I love this, I've been iterating on workflows like this for something like a decade now. Over time I've tried to peel back as many of my custom layers as possible, because all of those layers have a maintenance cost.
Stock Vim (without `tmux`) can actually do most of what's shared in this post with `rg --vimgrep restore_tool | vim -c cb -` (`vim -c cb -` is my favorite feature in Vim; I find it strange that it's so rarely used or talked about).
(Since re-running the `rg` search can be undesirable, and I often like to analyze results in a terminal before opening them in Vim.
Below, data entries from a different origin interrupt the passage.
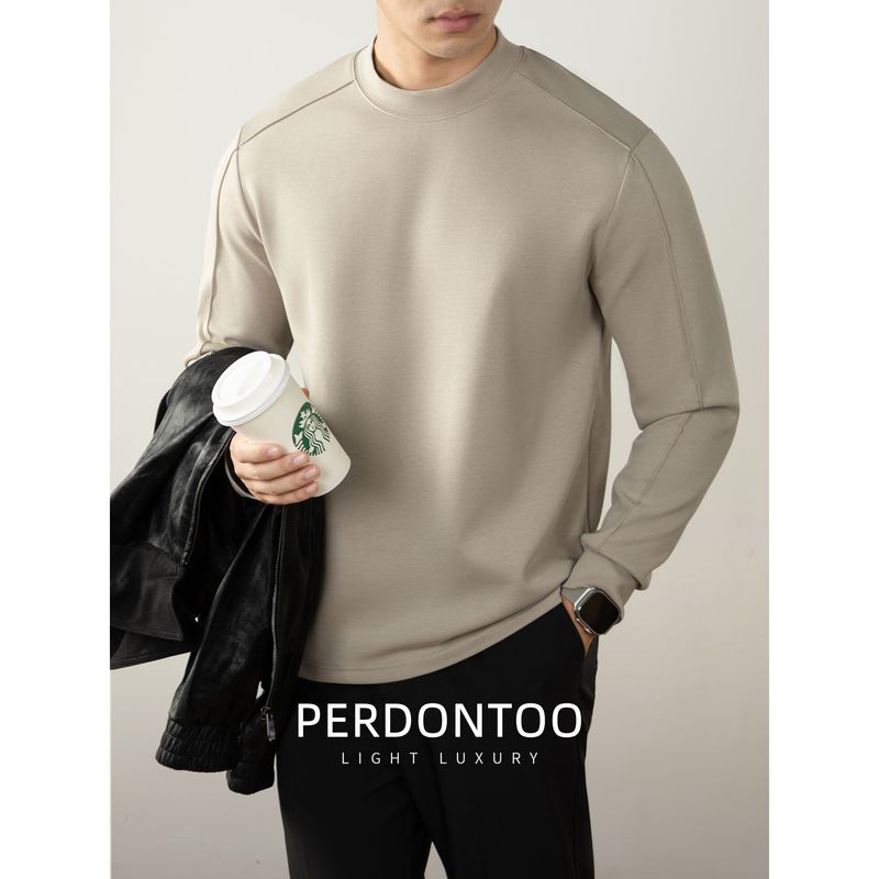 340G Heavy Air Layer Sweater Herren Langarm-Unterhemd Herbst und Winter Halbrollkragen-T-Shirt
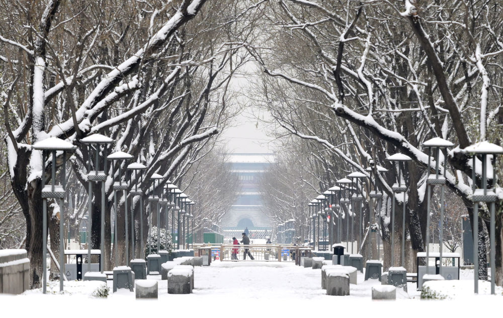 这是12月11日拍摄的永定门公园雪景。新华社记者 李贺 摄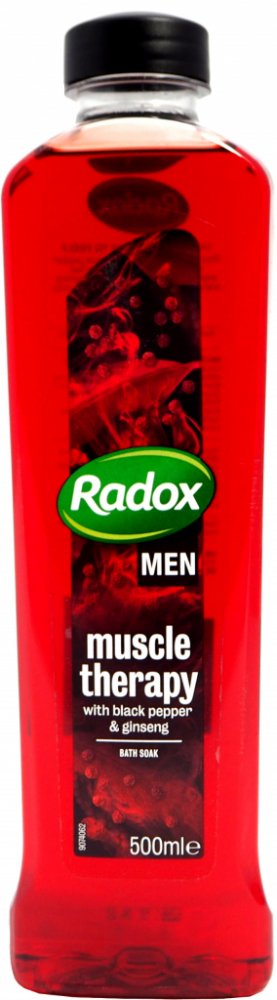 Radox Men Muscle Therapy pěna do koupele s černým pepřem má zklidňující a regenerační účinky, pomáhá zachovat pokožku hebkou a vláčnou. Výtažky ženšenu pomáhají odbourávat stres a černý pepř dokonale prohřeje unavené tělo. Pociťte novou energii díky čisté vitalitě černého pepře a povzbuzujícího ženšenu. Hřejivý účinek posílí, osvěží a povzbudí unavené svaly. Zažijte pocit znovuzrození. Dodává pokožce příjemnou mužnou vůni.

I use a custom `tmux` command to copy the output of the last command [using this trick that involves adding a Unicode character to your prompt https://ianthehenry.com/posts/tmux-copy-last-command/], then I send that into Vim with e.g., `tmux saveb - | vim -c cb -`.)
msgodel · 3m ago
Ten years ago I threw out my massive multi-file, multi-package vim config and have been slowly building up a much simpler vimrc about 1-2 lines a year. I completely agree, defaults in old software are almost always there for a reason and you should try to understand that before changing them.
johnmaguire · 12m ago
> (`vim -c cb -` is my favorite feature in Vim; I find it strange that it's so rarely used or talked about).
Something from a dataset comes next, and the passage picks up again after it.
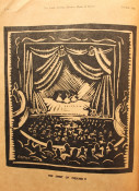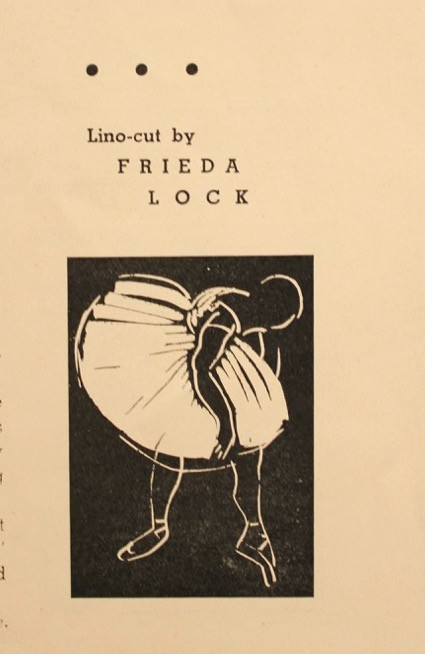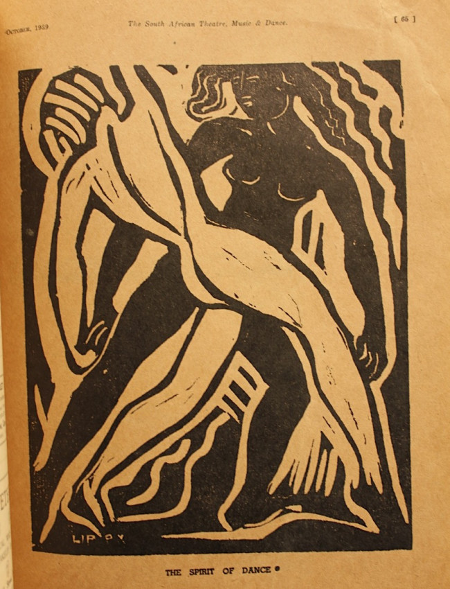 Full page charcoal drawing of "The Spirit of Art" by Russel Harvey on page 15, a full page woodcut of "The Spirit of Theatre" by Frieda Lock on page 16, and a full page lino-cut of "The Spirit of Dance" by Lippy Lipshitz on page 65.

Care to explain what it does? Trying `ls | vim -` and `ls | vim -c cb -` I don't immediately see a difference.
robenkleene · 2m ago
`cb[uffer]` processes the current buffer as a compile buffer, which will find `grep` format matching lines [i.e., at a minimum starting with `<path>:<line-number>:<column-number>`] and populate the quickfix list with them (and jump to the first match).
E.g., your example doesn't do anything because `ls` doesn't use `grep` format lines. So try piping the output of `grep` matching the above format (or you could try `ls | sed 's/$/:0:0/' | vim -c cb -`, which will hack `ls` output to grep, and is occasionally useful).
thom · 23m ago
Every vim/tmux user has created an ad hoc, informally-specified, bug-ridden, admittedly probably quite fast implementation of half of Emacs.
b0a04gl · 16m ago
vim+tmux setups usually lean on system primitives = pipes, files, signals, scrollback so the tooling tends to stay transparent across environments. that gives them an edge in portability and debugging, especially over ssh or in constrained shells. it's just lets your workflows shaped around different guarantees so natively, it naturally makes building your own vim config an obvious choice
jynelson · 8m ago
i see a bunch of people saying things like "you can do this in vim or emacs". it's true, you can do fuzzy finding and panes/tabs in an editor. but then you are in a box. anything that involves interacting with the terminal requires either a dedicated plugin or opening another nested terminal emulator (e.g. `:terminal` in vim). one of the things i get from my setup that's not mentioned in this post is that i can hit `git show HEAD` <highlight files and choose one> <tab> and that will put the file name in the command. this works for arbitrary commands, not just git, because it works by doing meta-processing on the terminal.
gertlex · 42m ago
I really appreciate this method of sharing workflows. Well catered to the audience. Actually was slightly hoping there'd be sound to the vid, too, but reading the list of actions after-the-fact was reasonable. I learned a few things I could do and/or approach differently in my own flows.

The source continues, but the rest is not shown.